> _TASK GOAL_
Leaving all pictures out, output exactly and only the line containing "Этот подсвечник - воплощение" and the lines that follow it to the end of the material below.

> _SUPPLIED ENTRIES_
*** Block opens ***

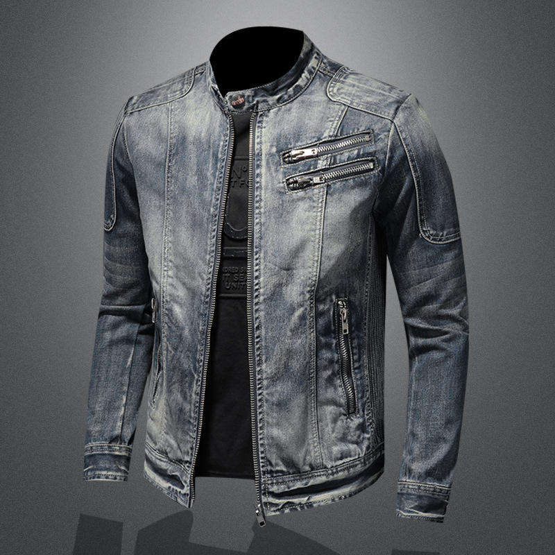 แจ็กเก็ตผ้ายีนส์กระดุมยาวสำหรับผู้ชายเสื้อแจ็คเก็ตผ้าเดนิมแบบกระดุมหนาเคลือบ100% สำหรับใส่ทำงาน
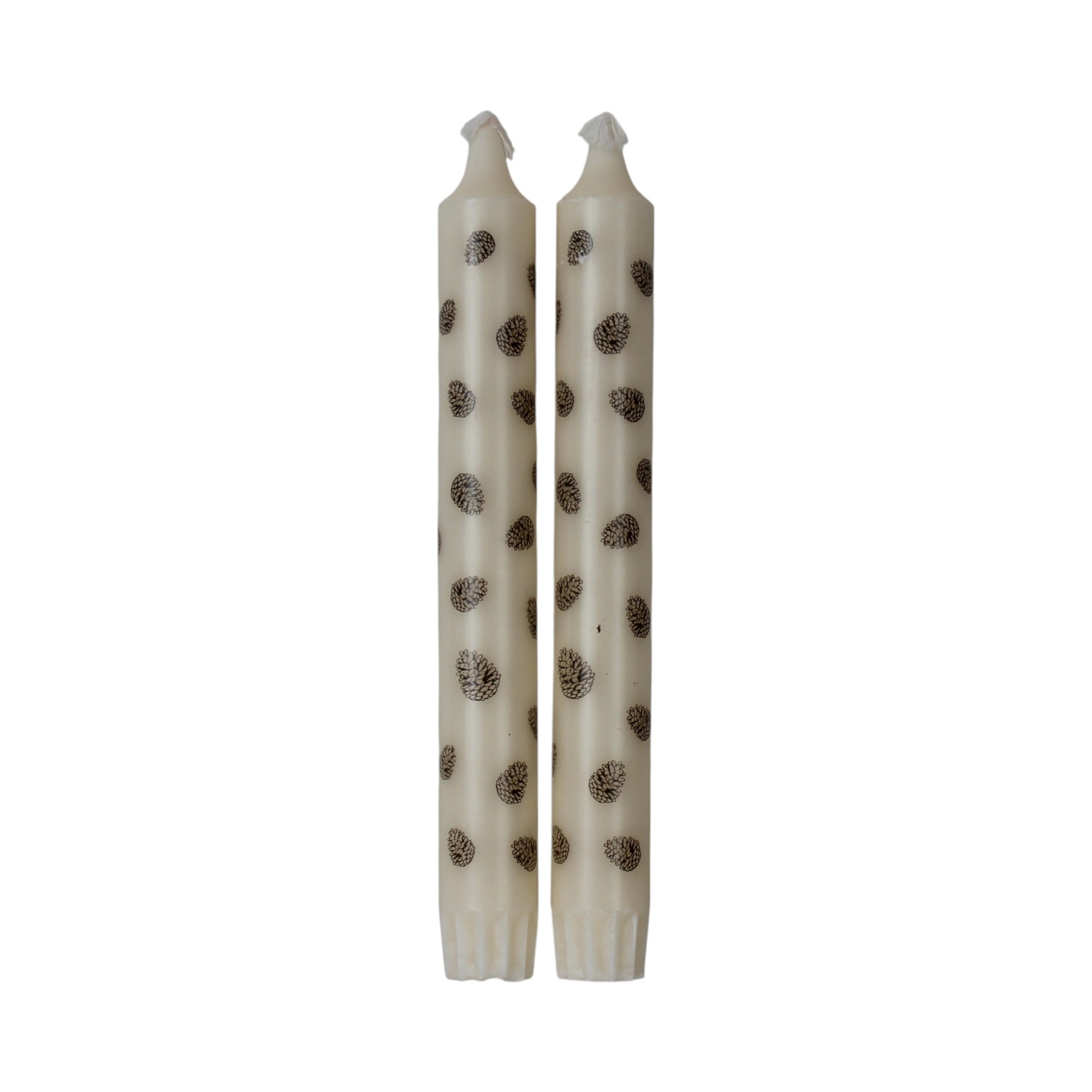 Tafelkerze mit Muster, cremefarben mit braunen Zapfen, 100% reines Stearin, 19 cm (2 stk.)
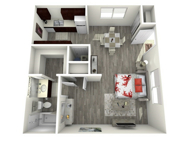 Apartment Model: Studio, 1 Bath (80% Income Restricted)From $715Studio, 1 Bath, 490 sq ftAvailable February 10, 2026FloorplansPhotos![]()
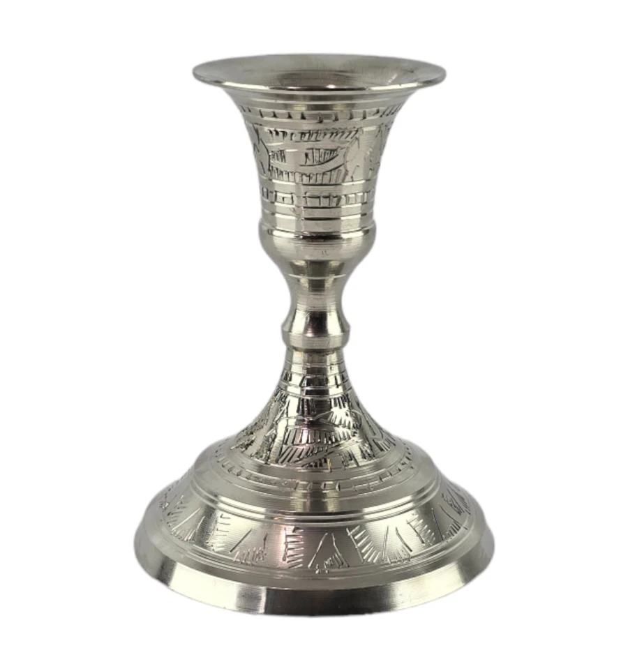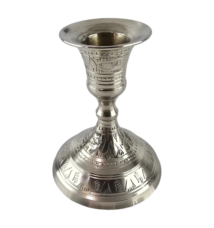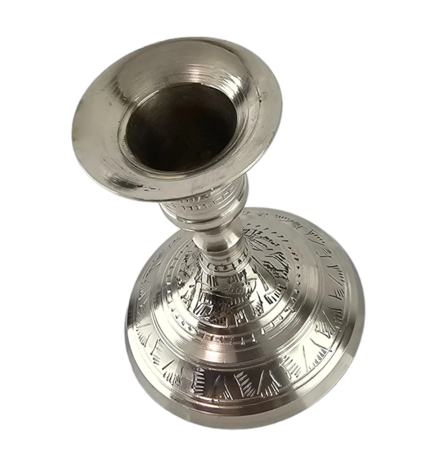 Этот подсвечник - воплощение мастерства индийских ремесленников, которые привнесет экзотичности в ваш интерьер. Изготовлен из бронзы, дополненной хромированным покрытием. Обратите внимание, что этот подсвечник - результат ручного труда, что придает ему неповторимости и уникального характера.
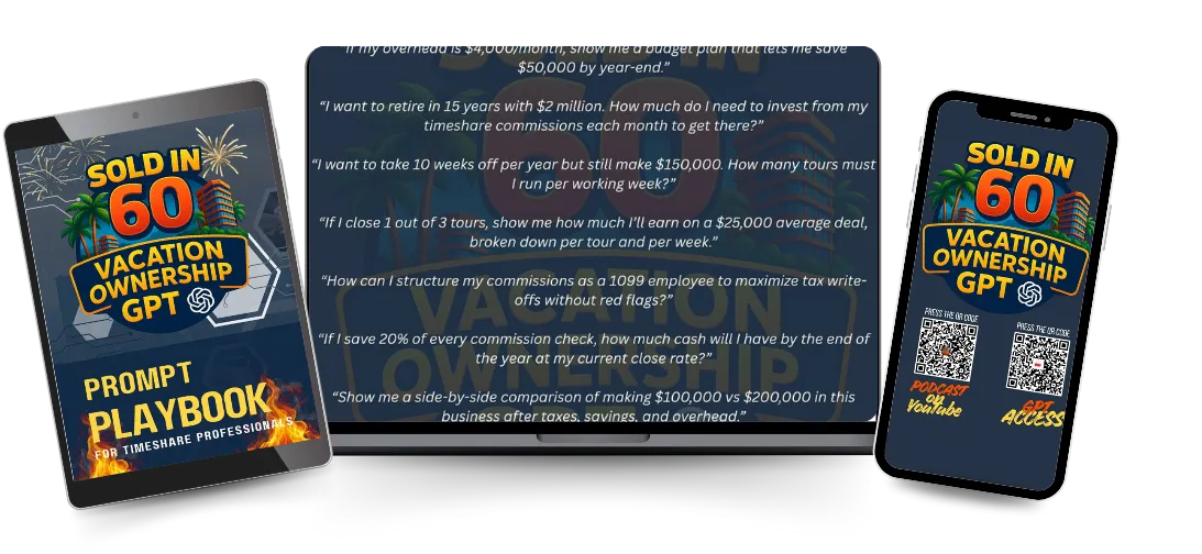 This is built for timeshare reps, closers, and team leaders who want to level up their sales, mindset, and closing ratios. Whether you’re brand new or a seasoned veteran, Sold in 60 Coach meets you where you are — and gets you to your next level..
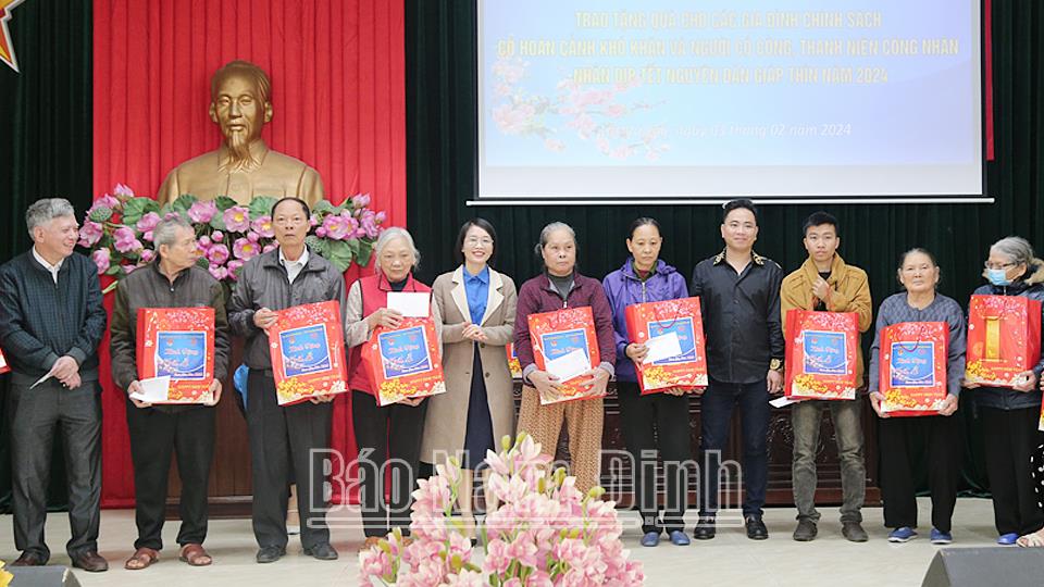 Nhân dịp đón Tết Nguyên đán Giáp Thìn 2024, ngày 3-2, Ban Thường vụ Tỉnh Đoàn phối hợp với Công ty TNHH Hoàng Tùng Dũng tổ chức chương trình trao tặng quà cho các gia đình chính sách, người có công, thanh niên công nhân có hoàn cảnh khó khăn tại xã Nam Mỹ (Nam Trực) và thành phố Nam Định. Dự chương trình có đồng chí Trần Minh Thắng, Ủy viên Ban TVTU, Trưởng Ban Dân vận Tỉnh ủy.

*** Block closes ***

> _ANSWER SECTION_
 Этот подсвечник - воплощение мастерства индийских ремесленников, которые привнесет экзотичности в ваш интерьер. Изготовлен из бронзы, дополненной хромированным покрытием. Обратите внимание, что этот подсвечник - результат ручного труда, что придает ему неповторимости и уникального характера.
 This is built for timeshare reps, closers, and team leaders who want to level up their sales, mindset, and closing ratios. Whether you’re brand new or a seasoned veteran, Sold in 60 Coach meets you where you are — and gets you to your next level..
 Nhân dịp đón Tết Nguyên đán Giáp Thìn 2024, ngày 3-2, Ban Thường vụ Tỉnh Đoàn phối hợp với Công ty TNHH Hoàng Tùng Dũng tổ chức chương trình trao tặng quà cho các gia đình chính sách, người có công, thanh niên công nhân có hoàn cảnh khó khăn tại xã Nam Mỹ (Nam Trực) và thành phố Nam Định. Dự chương trình có đồng chí Trần Minh Thắng, Ủy viên Ban TVTU, Trưởng Ban Dân vận Tỉnh ủy.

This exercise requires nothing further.